Asploro Journal of Biomedical and Clinical Case Reports
Article Type: Original Article/ Clinical Perspective
Asp Biomed Clin Case Rep. 2021 Jul 12;4(2):125-31
Rasha A. Al-Khafaji1*
1Department of Oncology, Centre for Cancer and Organ Diseases, Rigshospitalet, Copenhagen, Denmark
Corresponding Author: Rasha A. Al-Khafaji ORCID iD
Address: Department of Oncology, Centre for Cancer and Organ Diseases, Rigshospitalet, Copenhagen, Denmark.
Received date: 23 June 2021; Accepted date: 06 July 2021; Published date: 12 July 2021
Citation: Al-Khafaji RA. The COVID-19 Vaccines Can Lead to False Positive Mammograms and Breast MRI. How Can we Decrease the Impact Caused by Post-Vaccination Lymphadenopathy in Breast Cancer and Oncology Patients?. Asp Biomed Clin Case Rep. 2021 Jul 12;4(2):125-31.

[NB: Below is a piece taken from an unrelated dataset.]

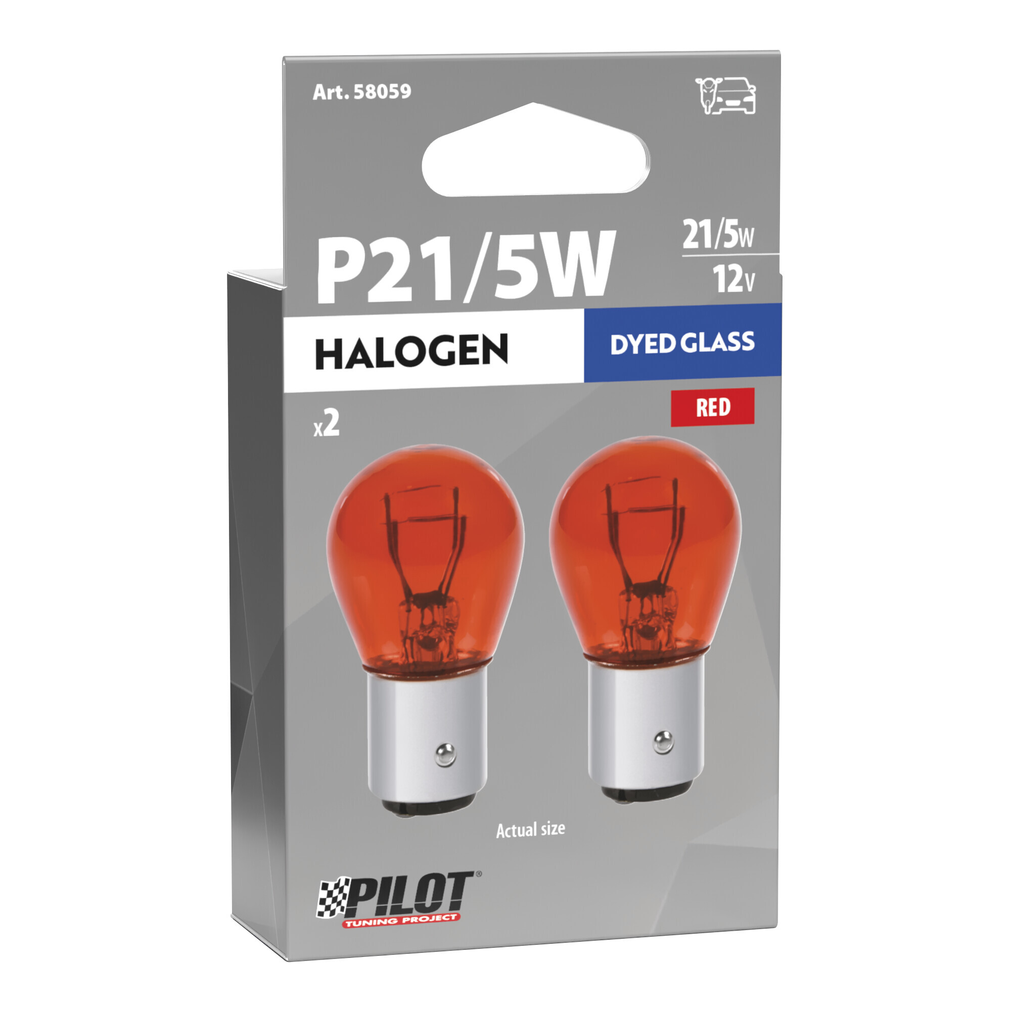 12V Red Dyed Glass, Lampada 1 filamento – (P21W) – 21W – BA15s – 2 pz – Scatola

Copyright © 2021 Al-Khafaji RA. This is an open-access article distributed under the Creative Commons Attribution License, which permits unrestricted use, distribution, and reproduction in any medium provided the original work is properly cited.
Keywords: Digital Health, Health Cost, Patient’s anxiety, PET/CT, Radiology
There has been an increase in reporting clinical or radiological axillary lymphadenopathy after the coronavirus disease (COVID-19) vaccination. Cancer care is complex and multidisciplinary, which requires care events to be orchestrated promptly; radiology often serves a key role in diagnosis, post-diagnosis and is sometimes the patient’s first step in cancer care initiation, especially in breast cancer. Radiologists are also a key role in other Multidisciplinary Teams (MDT) dealing with different departments. Therefore, identifying unnecessary management within the health system can generally enhance the patient’s experience, reduce the pressure from providing extra health services, and reduce health costs.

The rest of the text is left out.